Проститутки были для меня не людьми, не женщинами, а умственно отсталыми (так казалось мне) существами или же сумасшедшими; однако, как ни странно, в их обители я находил покой, мог очень спокойно, крепко спать. И вот уж чего лишены эти несчастные создания так это алчности. Они тоже испытывали ко мне нечто вроде родственного чувства, проявляли радушие, причем не вымученное, а естественное, не продиктованное расчетливостью, не торгашеское, но радушие к человеку, с которым вряд ли придется видеться второй раз, и бывали ночи, когда я ясно видел вокруг голов проституток этих слабоумных или помешанных существ - нимб как у святой Марии.
Стремясь уйти от вечного страха, я ночами ходил развлекаться к "родственным душам"; незаметно меня стала окутывать отвратительная атмосфера, она стала "приложением" к моей жизни, и постепенно это "приложение" весьма заметно обозначилось, так что, когда Хорики обратил на это внимание, я испугался, мне стало тошно.

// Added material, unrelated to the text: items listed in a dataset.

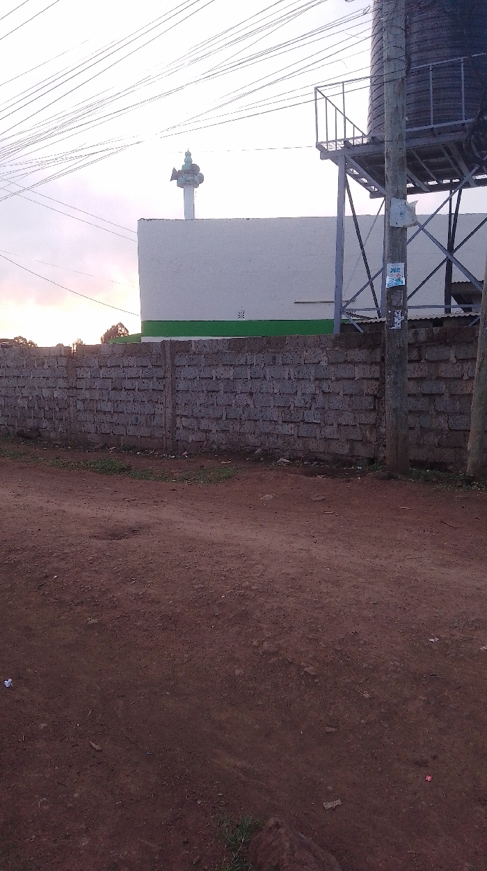 This image depicts an unpaved, reddish-brown dirt road in the foreground, located in Nkaimurunya ward, Kenya. Sparse green vegetation and small pieces of litter are visible on the ground. Extending across the midground is a grey concrete block boundary wall with vertical concrete pillars. Behind this wall, a white building with a horizontal green stripe near its base is visible. A light green minaret, equipped with multiple loudspeakers, rises from the roof of this building, indicating a mosque. To the right, a large, dark-colored water tank is elevated on a metallic scaffolding structure, featuring support beams, a ladder, and railings. A wooden utility pole, partially covered with posters, stands near the water tank and supports multiple overhead utility wires that crisscross the sky. The sky is pale, with faint pinkish-orange hues visible on the left horizon. No individuals are present in the scene.
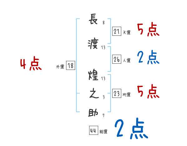総運![]() | 長渡煌之助さんの総運は44画の2つ星!誠実で慎重な性格。物事を考えすぎないように注意しましょう。 あなたの人生を表す1番重要な運勢です。生涯を通じて影響する総合運となり、主に50歳以降の晩年期に影響を及ぼします。 |
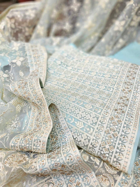₹ 9,000.00Unit price /UnavailableSimple Yet Elegant 3pc Unstitched Organza Suit Set in Light Blue Colour
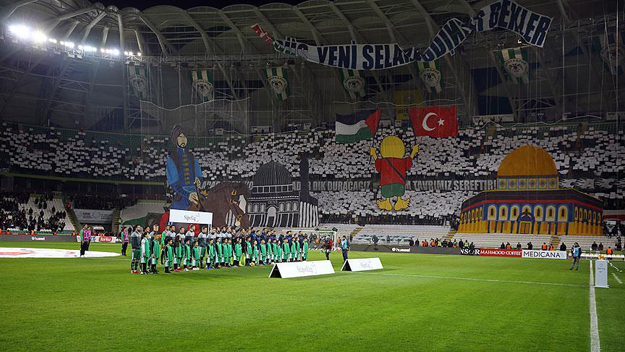 Süper Lig'in 17. haftasında Atiker Konyaspor-Fenerbahçe karşılaşması öncesinde ev sahibi takım taraftarları, Kudüs için 3 boyutlu koreografi gerçekleşti.
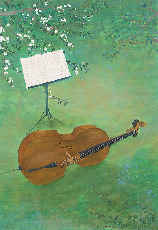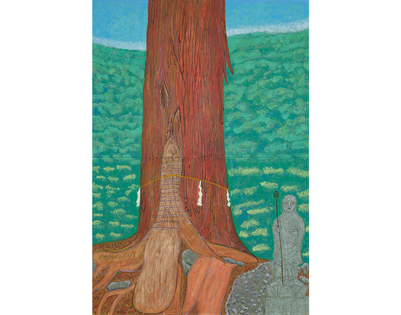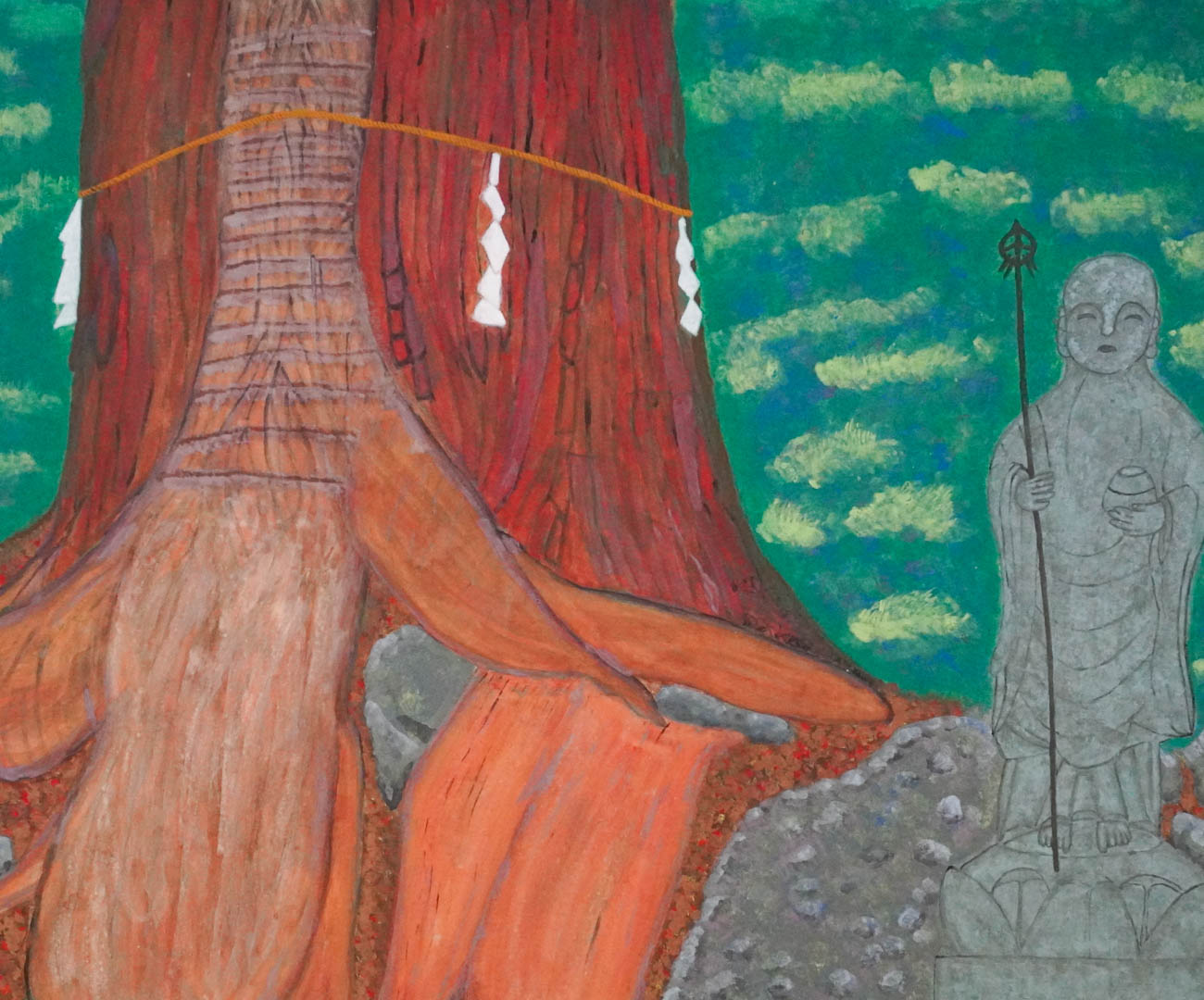 私の自宅から歩いて約20分の距離の岩屋神社の境内にある巨大な赤紫色の神木と石の地蔵さんを描きました。その思いは神木の生命力の強さと存在感を表現するとともに、地蔵さんの柔和な優しい顔を描きたいというものでした。本画を描きだすと地蔵の顔か自分自身に似てきました。
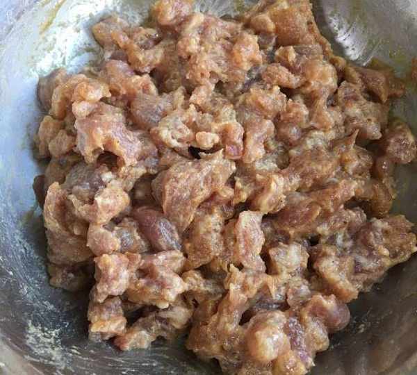 第2步、瘦肉洗凈切成小丁,加入適量鹽,胡椒粉,生抽,淀粉,食用油拌勻醃制十分鐘。
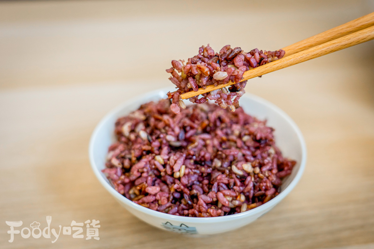 ▼飯炊好後香氣非常濃重,跟一般的白飯香不同,五鑽米的香氣中帶有一絲稻穀的味道,讓人馬上能聯想到大自然的氣息。因為花青素的關係,整碗飯會變成像紫米一樣黑中帶紅的顏色,但是並不會醜醜的,而是能夠感受到光澤。
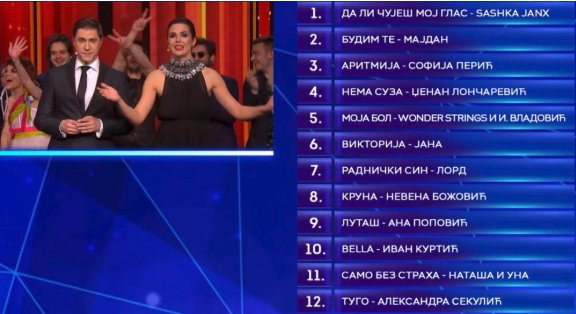 Priliku da se bori za odlazak u Izrael na „Evrosong“ imaju grupa „Majdan", Jana, Nevena Božović, Ana Popović, Dženan Lončarević i Lord.
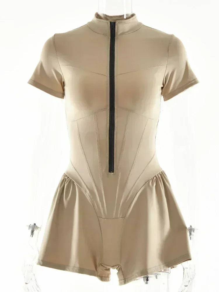 Elegant Women Zip-up O-neck Long Sleeve Jumpsuit Streetwear 2025 Summer Autumn Female Overalls One Piece Fitness Sports Bodysuit
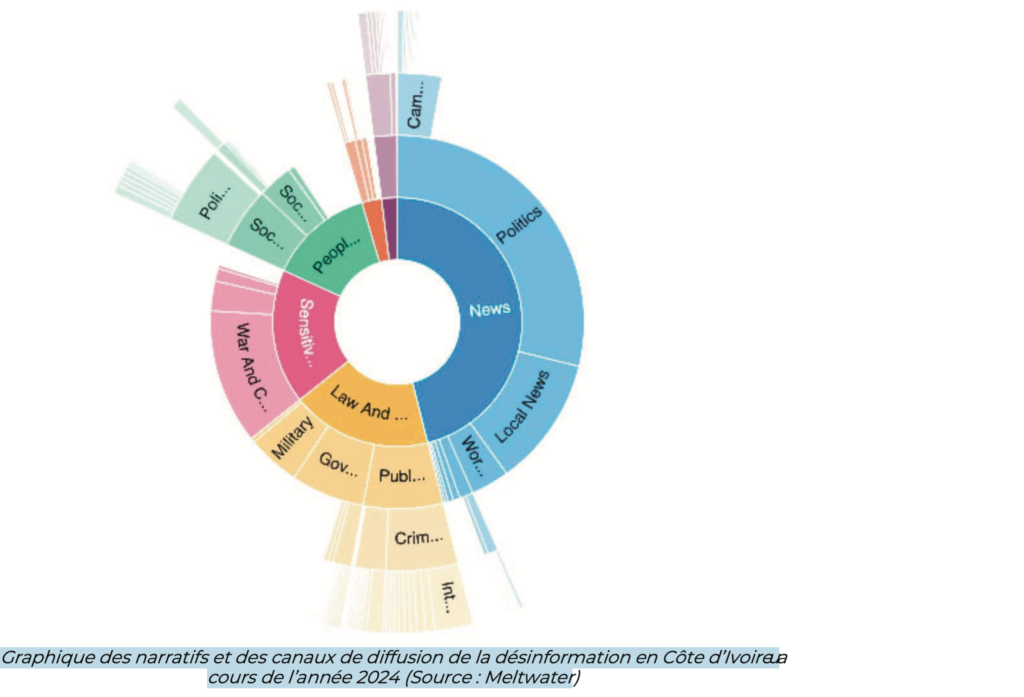 Graphique des narratifs et des canaux de diffusion de la désinformation en Côte d’Ivoire au cours de l’année 2024 (Source : Meltwater)
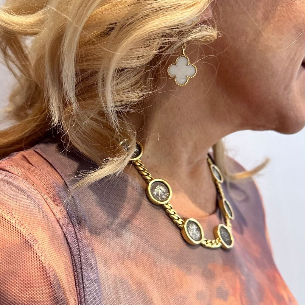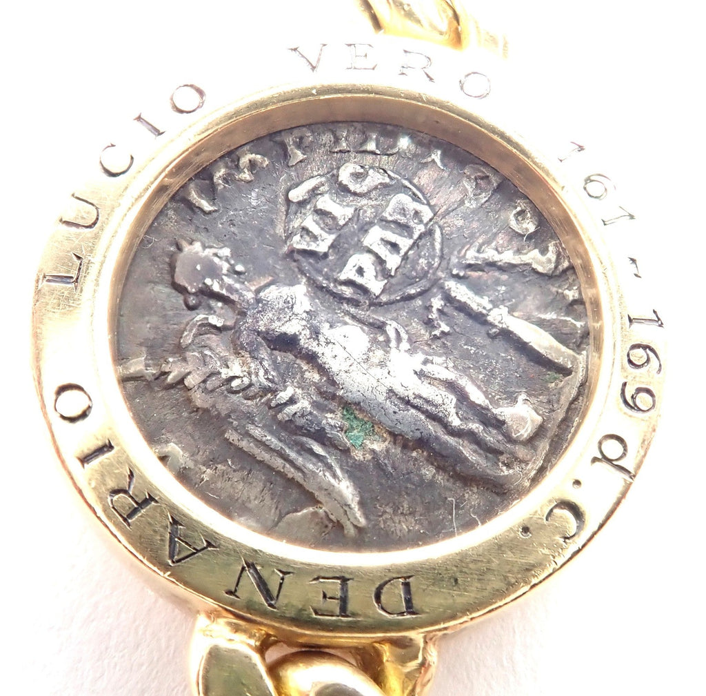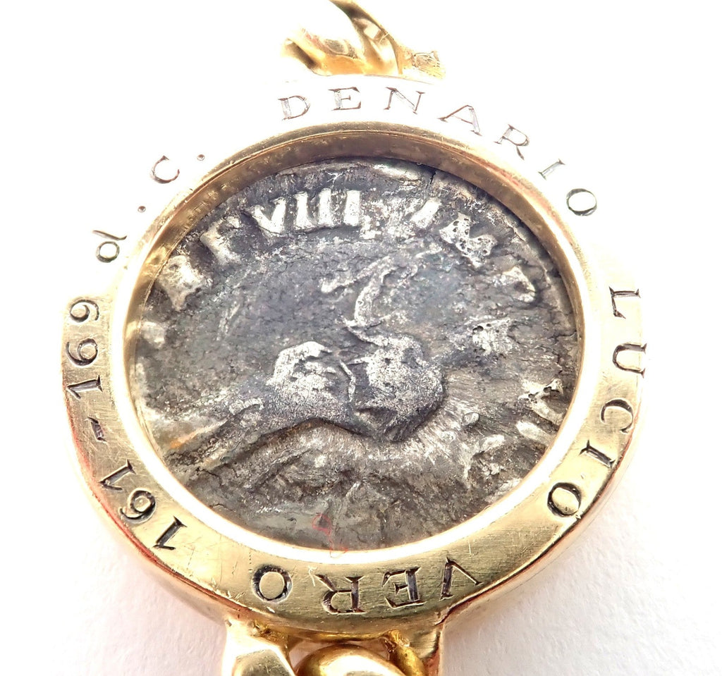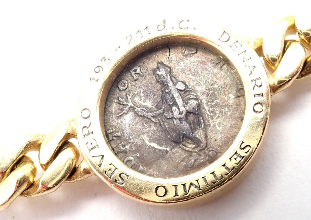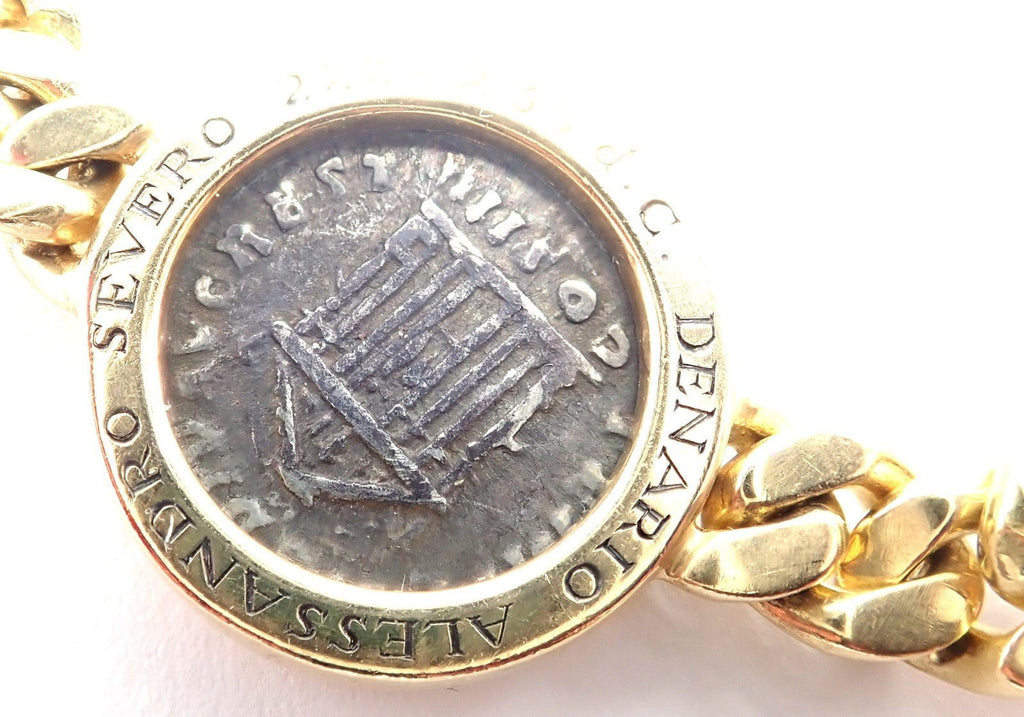 The Bvlgari 18k Yellow Gold 7 Antique Coin Monete Link Necklace showcases 7 ancient coins set within a classic gold bezel, blending history with luxury.
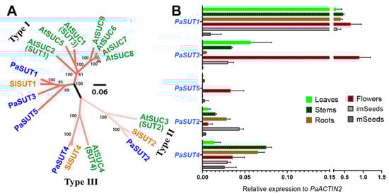 Phylogenetic analysis and tissue-specific expression profile of the P. axillaris SUT/SUC sugar transporters. (A) The 5 SUT/SUC sequences fall into three groups, representing the type I, Type II and Type III members. PaSUTs are shown in blue. Arabidopsis thaliana orthologs are in green: AtSUC1, At1g71880; AtSUC2, At1g22710; AtSUC3, At2g02860; AtSUC4, At1g09960; AtSUC5, AT1G71890; AtSUC6, AT5G43610; AtSUC7, AT1G66570; AtSUC8, AT2G14670; AtSUC9, At5g06170. Solanum lycopersicum orthologs are in orange: SlSUT1, NP_001289830.1; SlSUT2, NP_001234321.2; SlSUT4, NP_001234344.2. Sequence alignment and analysis are conducted using MUSCLE with default parameters, and the phylogenetic tree is constructed with MEGA X version 10.1.8 using the neighbor-joining (NJ) method with 1000 bootstrap replications. The tree is graphed via Figtree version 1.4.4, with bootstrap value greater than 50% shown. The scale bar represents the ammino acid substitution rate per site. (B) Tissue-specific gene expression analysis of the SUT/SUC genes via quantitative real-time PCR. Data are mean of 3 biological replications with the error bars representing SD.

Выражаясь грубо, я изучал женщин исключительно по проституткам и заметно в этом преуспел. Кстати, учеба на таком материале, будучи самой суровой, одновременно и самая эффективная. Так вот, запах женщин стал преследовать меня, и они (женщины вообще, не только проститутки) инстинктивно чувствовали это и сами льнули ко мне. В результате, эта непристойная позорная атмосфера, вызванная вечным страхом перед себе подобными, казалась иным куда более заметной, чем первопричина.
То, что Хорики когда-то высказал наполовину как комплимент, я со временем почувствовал в полную силу. Наивное письмо девочки из кафе... Долгие променады двадцатилетней генеральской дочки: в те минуты, когда я уходил в гимназию или возвращался из нее, она, слегка подкрасившись, бесцельно вертелась у ворот дома... Служанка из ресторанчика, где я иногда столовался, причем там я всегда молчал... И еще дочь владельца табачной лавки, подававшая мне сигареты, а в пачках я затем обнаруживал и кое-что другое... Девушка, сидевшая в соседнем кресле в театре Кабуки... И то можно вспомнить, как однажды я возвращался поздно ночью в электричке, изрядно захмелевший, и некая особа... А письмо от дальней родственницы с излияниями любовных томлений, совершенно неожиданное письмо... Да еще куколка, скорее всего самодельная, появившаяся у меня в комнате в мое отсутствие... И так далее, и тому подобное. Сам я притом всегда был крайне пассивен, события далее не разворачивались, и все-таки то, что есть во мне что-то, заставляющее женщин грезить обо мне - это не бахвальство, а непреложный факт. Не только Хорики, и другие говорили обо мне тоже. Углядев в этой ситуации нечто оскорбительное, я мгновенно охладел к развлечениям с проститутками.